- **WORK TO COMPLETE**:
The lines in the listing below are to be given again exactly, starting at the line holding "Absența piesei de pe lista de recuperare" and ending at the line holding "ist Glück: eine". Do not include pictures.

- **DATA**:
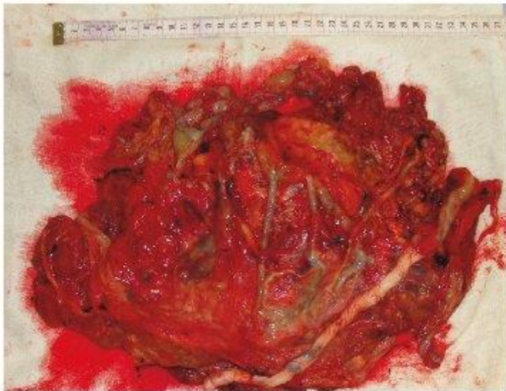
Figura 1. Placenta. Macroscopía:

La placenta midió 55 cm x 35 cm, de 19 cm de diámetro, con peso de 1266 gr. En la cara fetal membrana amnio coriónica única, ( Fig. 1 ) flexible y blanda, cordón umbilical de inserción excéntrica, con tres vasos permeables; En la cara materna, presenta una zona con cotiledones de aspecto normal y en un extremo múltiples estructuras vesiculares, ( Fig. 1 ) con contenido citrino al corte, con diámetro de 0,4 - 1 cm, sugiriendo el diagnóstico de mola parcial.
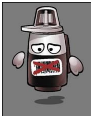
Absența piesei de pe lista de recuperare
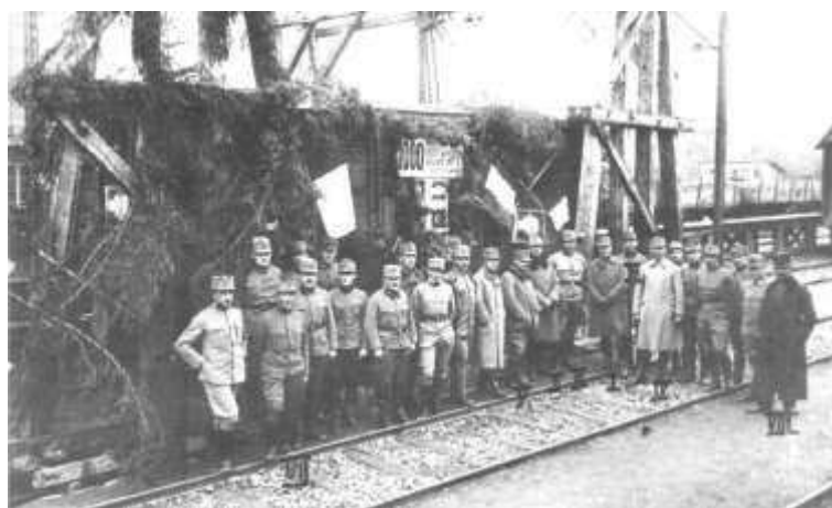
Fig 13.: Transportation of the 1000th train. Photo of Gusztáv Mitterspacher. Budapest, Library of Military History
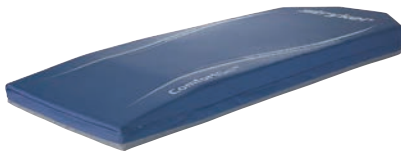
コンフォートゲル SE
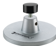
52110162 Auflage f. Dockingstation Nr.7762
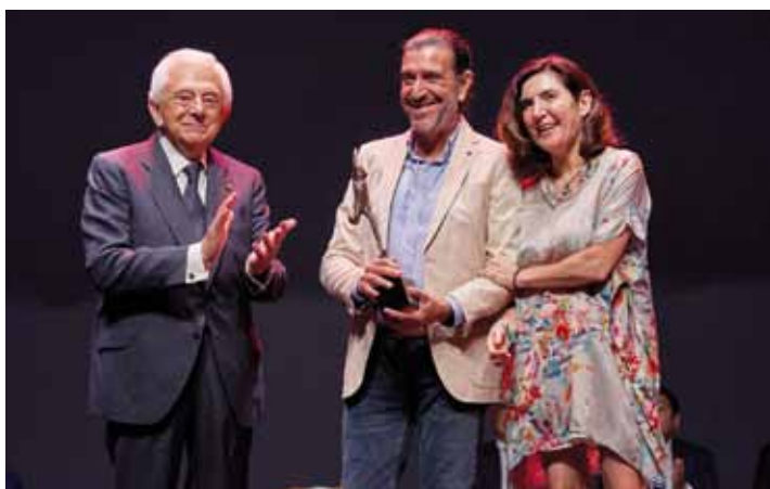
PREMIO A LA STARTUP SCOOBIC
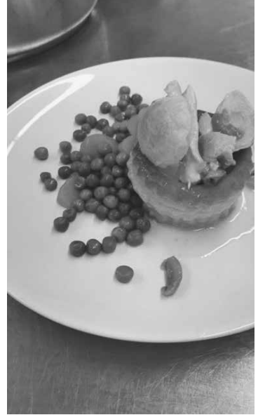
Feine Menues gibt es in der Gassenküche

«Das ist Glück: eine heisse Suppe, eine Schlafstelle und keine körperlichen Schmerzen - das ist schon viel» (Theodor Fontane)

* * *

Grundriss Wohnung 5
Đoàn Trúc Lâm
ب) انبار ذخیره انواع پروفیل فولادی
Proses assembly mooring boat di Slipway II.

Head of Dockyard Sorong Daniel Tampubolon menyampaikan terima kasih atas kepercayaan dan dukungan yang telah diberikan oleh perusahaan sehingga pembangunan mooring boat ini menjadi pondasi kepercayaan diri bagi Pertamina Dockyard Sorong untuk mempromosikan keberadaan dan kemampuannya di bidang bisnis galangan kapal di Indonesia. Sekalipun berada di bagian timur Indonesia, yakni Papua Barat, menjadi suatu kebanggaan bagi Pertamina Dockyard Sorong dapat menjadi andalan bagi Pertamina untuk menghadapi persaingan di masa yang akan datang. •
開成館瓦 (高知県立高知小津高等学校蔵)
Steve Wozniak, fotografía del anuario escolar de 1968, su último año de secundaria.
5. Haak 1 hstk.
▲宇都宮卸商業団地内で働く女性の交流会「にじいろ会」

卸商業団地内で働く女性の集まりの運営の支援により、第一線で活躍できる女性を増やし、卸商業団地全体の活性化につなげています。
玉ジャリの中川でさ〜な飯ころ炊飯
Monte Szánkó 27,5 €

==

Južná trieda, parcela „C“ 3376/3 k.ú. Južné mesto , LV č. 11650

- **RESPONSE**:
Absența piesei de pe lista de recuperare
Fig 13.: Transportation of the 1000th train. Photo of Gusztáv Mitterspacher. Budapest, Library of Military History
コンフォートゲル SE
52110162 Auflage f. Dockingstation Nr.7762
PREMIO A LA STARTUP SCOOBIC
Feine Menues gibt es in der Gassenküche

«Das ist Glück: eine heisse Suppe, eine Schlafstelle und keine körperlichen Schmerzen - das ist schon viel» (Theodor Fontane)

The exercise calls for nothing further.